#### Work required:
Set the records down again, exactly, without their images.

#### Extracted records:
%%
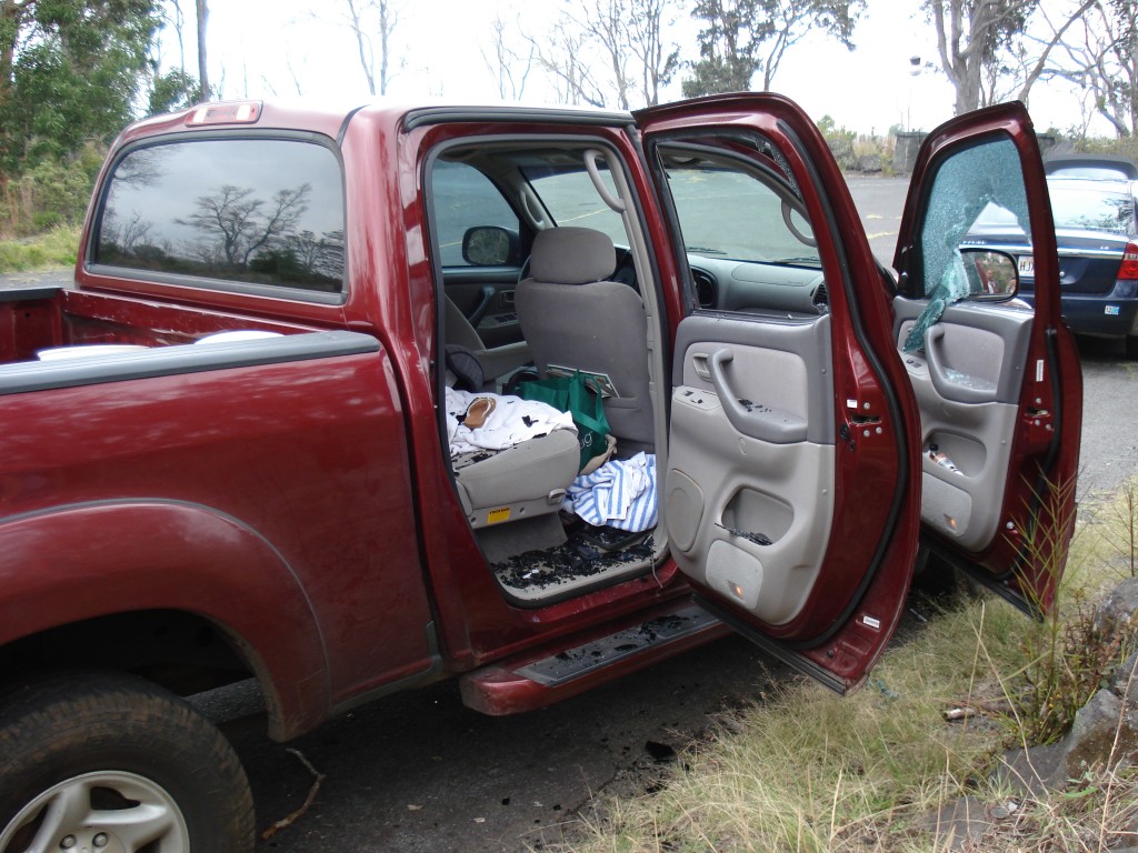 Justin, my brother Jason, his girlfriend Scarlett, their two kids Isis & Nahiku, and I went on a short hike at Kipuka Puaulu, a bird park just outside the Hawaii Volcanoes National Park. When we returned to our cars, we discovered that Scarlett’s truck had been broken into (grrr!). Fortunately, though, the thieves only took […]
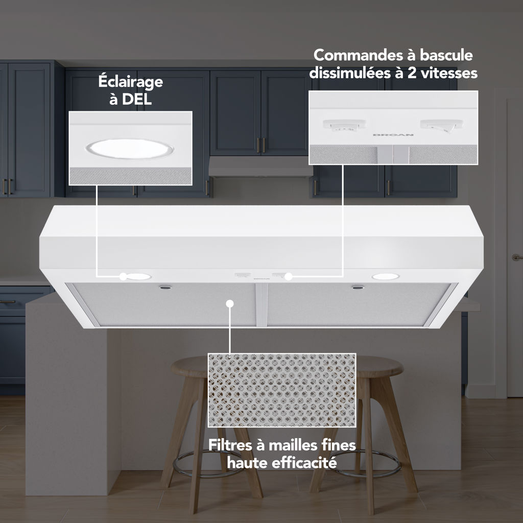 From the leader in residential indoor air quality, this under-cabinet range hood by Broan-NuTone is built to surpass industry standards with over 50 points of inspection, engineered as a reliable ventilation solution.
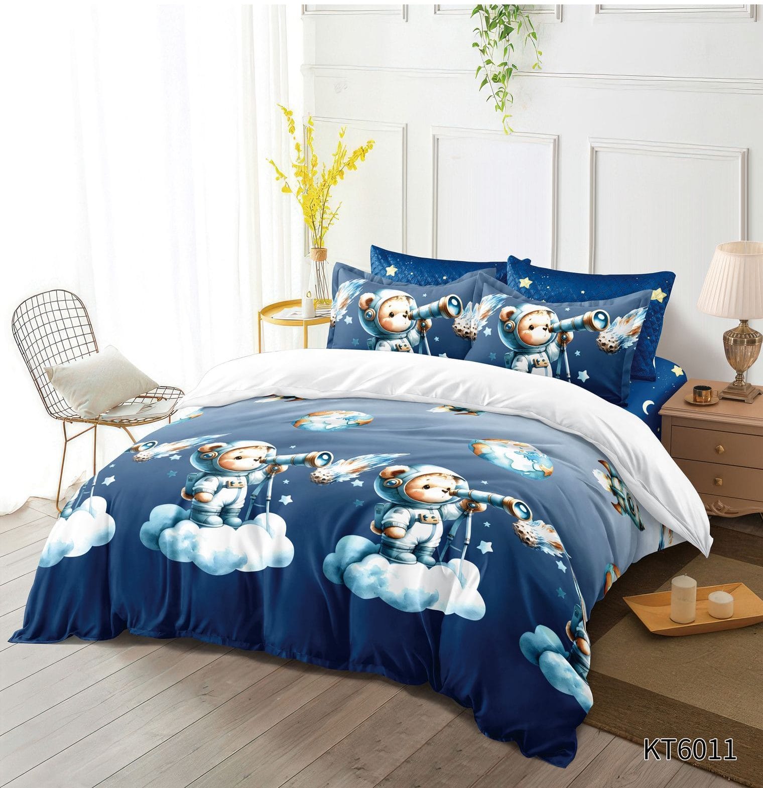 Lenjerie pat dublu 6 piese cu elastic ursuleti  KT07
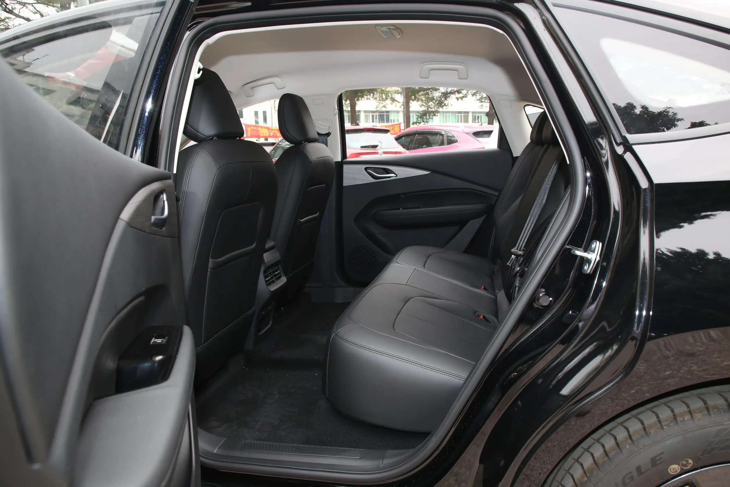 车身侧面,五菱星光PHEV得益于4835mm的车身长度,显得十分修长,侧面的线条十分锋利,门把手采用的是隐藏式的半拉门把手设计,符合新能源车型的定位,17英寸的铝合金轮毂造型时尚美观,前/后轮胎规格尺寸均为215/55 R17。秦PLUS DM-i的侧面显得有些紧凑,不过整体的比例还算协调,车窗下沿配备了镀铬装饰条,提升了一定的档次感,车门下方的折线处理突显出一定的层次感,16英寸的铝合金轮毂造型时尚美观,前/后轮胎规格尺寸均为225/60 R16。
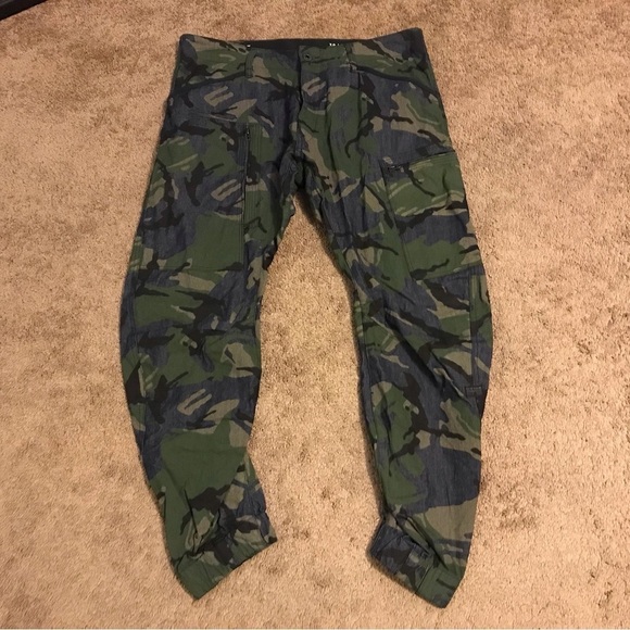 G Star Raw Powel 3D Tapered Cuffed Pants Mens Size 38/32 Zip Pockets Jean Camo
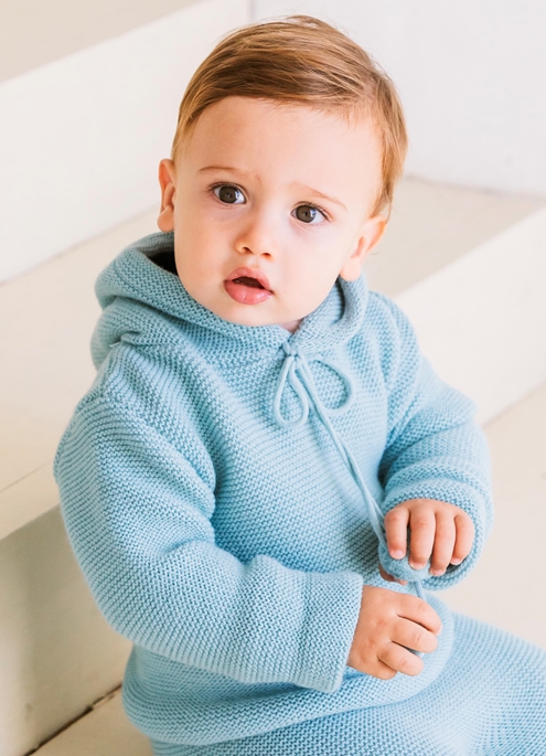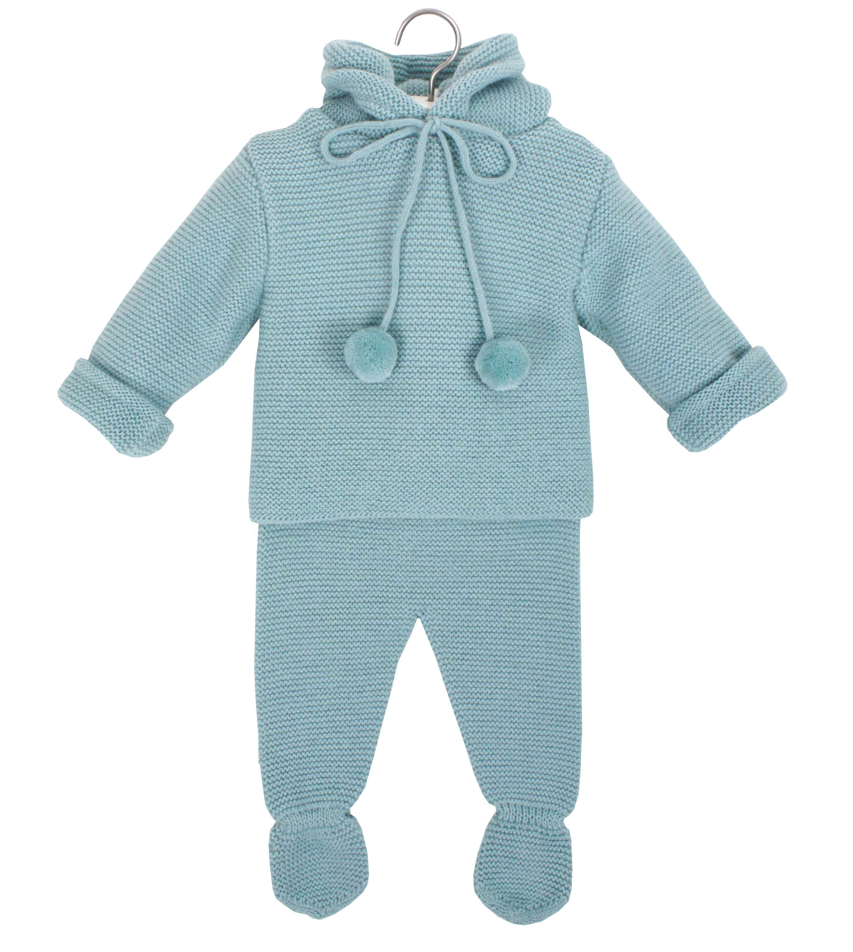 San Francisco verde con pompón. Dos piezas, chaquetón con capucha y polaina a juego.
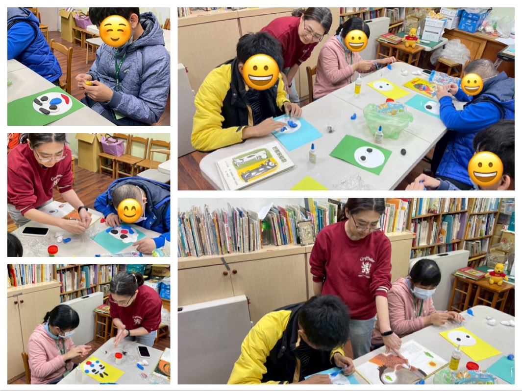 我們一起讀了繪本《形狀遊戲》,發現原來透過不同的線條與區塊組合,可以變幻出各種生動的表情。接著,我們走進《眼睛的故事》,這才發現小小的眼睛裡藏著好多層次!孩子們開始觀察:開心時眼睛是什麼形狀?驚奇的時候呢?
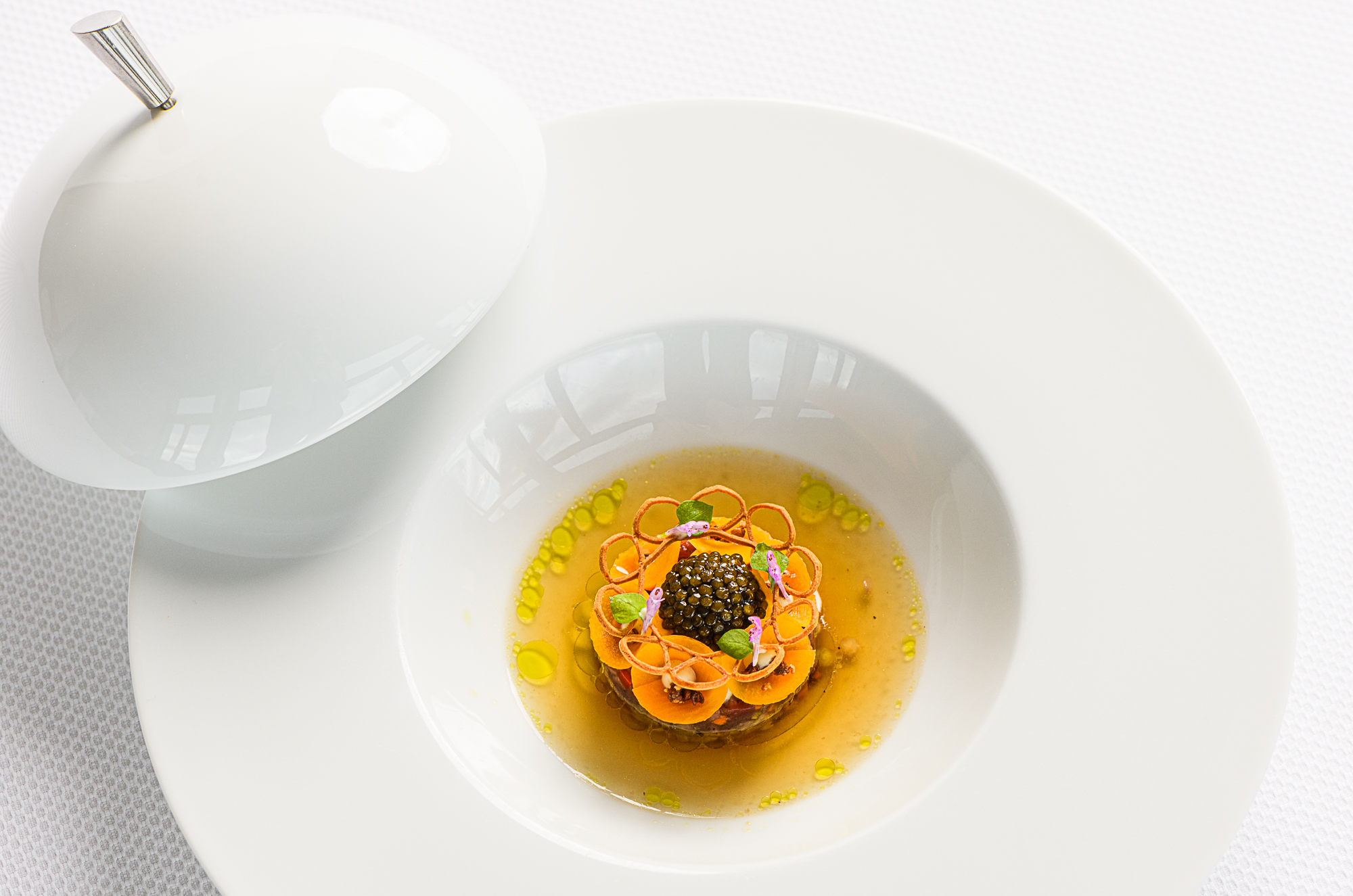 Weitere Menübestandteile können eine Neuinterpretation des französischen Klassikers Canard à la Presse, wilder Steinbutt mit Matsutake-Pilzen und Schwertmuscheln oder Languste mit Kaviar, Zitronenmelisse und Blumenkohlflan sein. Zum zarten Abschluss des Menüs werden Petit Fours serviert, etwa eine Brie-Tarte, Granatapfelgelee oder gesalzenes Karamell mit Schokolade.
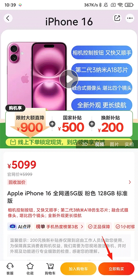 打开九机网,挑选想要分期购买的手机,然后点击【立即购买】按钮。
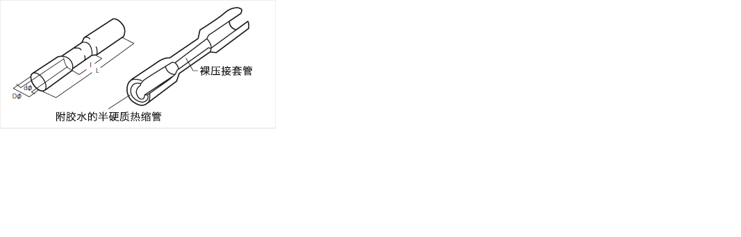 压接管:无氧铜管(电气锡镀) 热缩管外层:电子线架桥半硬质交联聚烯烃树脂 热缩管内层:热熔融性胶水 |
%%
#### Answer to this task:
 Justin, my brother Jason, his girlfriend Scarlett, their two kids Isis & Nahiku, and I went on a short hike at Kipuka Puaulu, a bird park just outside the Hawaii Volcanoes National Park. When we returned to our cars, we discovered that Scarlett’s truck had been broken into (grrr!). Fortunately, though, the thieves only took […]
 From the leader in residential indoor air quality, this under-cabinet range hood by Broan-NuTone is built to surpass industry standards with over 50 points of inspection, engineered as a reliable ventilation solution.
 Lenjerie pat dublu 6 piese cu elastic ursuleti  KT07
 车身侧面,五菱星光PHEV得益于4835mm的车身长度,显得十分修长,侧面的线条十分锋利,门把手采用的是隐藏式的半拉门把手设计,符合新能源车型的定位,17英寸的铝合金轮毂造型时尚美观,前/后轮胎规格尺寸均为215/55 R17。秦PLUS DM-i的侧面显得有些紧凑,不过整体的比例还算协调,车窗下沿配备了镀铬装饰条,提升了一定的档次感,车门下方的折线处理突显出一定的层次感,16英寸的铝合金轮毂造型时尚美观,前/后轮胎规格尺寸均为225/60 R16。
 G Star Raw Powel 3D Tapered Cuffed Pants Mens Size 38/32 Zip Pockets Jean Camo
 San Francisco verde con pompón. Dos piezas, chaquetón con capucha y polaina a juego.
 我們一起讀了繪本《形狀遊戲》,發現原來透過不同的線條與區塊組合,可以變幻出各種生動的表情。接著,我們走進《眼睛的故事》,這才發現小小的眼睛裡藏著好多層次!孩子們開始觀察:開心時眼睛是什麼形狀?驚奇的時候呢?
 Weitere Menübestandteile können eine Neuinterpretation des französischen Klassikers Canard à la Presse, wilder Steinbutt mit Matsutake-Pilzen und Schwertmuscheln oder Languste mit Kaviar, Zitronenmelisse und Blumenkohlflan sein. Zum zarten Abschluss des Menüs werden Petit Fours serviert, etwa eine Brie-Tarte, Granatapfelgelee oder gesalzenes Karamell mit Schokolade.
 打开九机网,挑选想要分期购买的手机,然后点击【立即购买】按钮。
 压接管:无氧铜管(电气锡镀) 热缩管外层:电子线架桥半硬质交联聚烯烃树脂 热缩管内层:热熔融性胶水 |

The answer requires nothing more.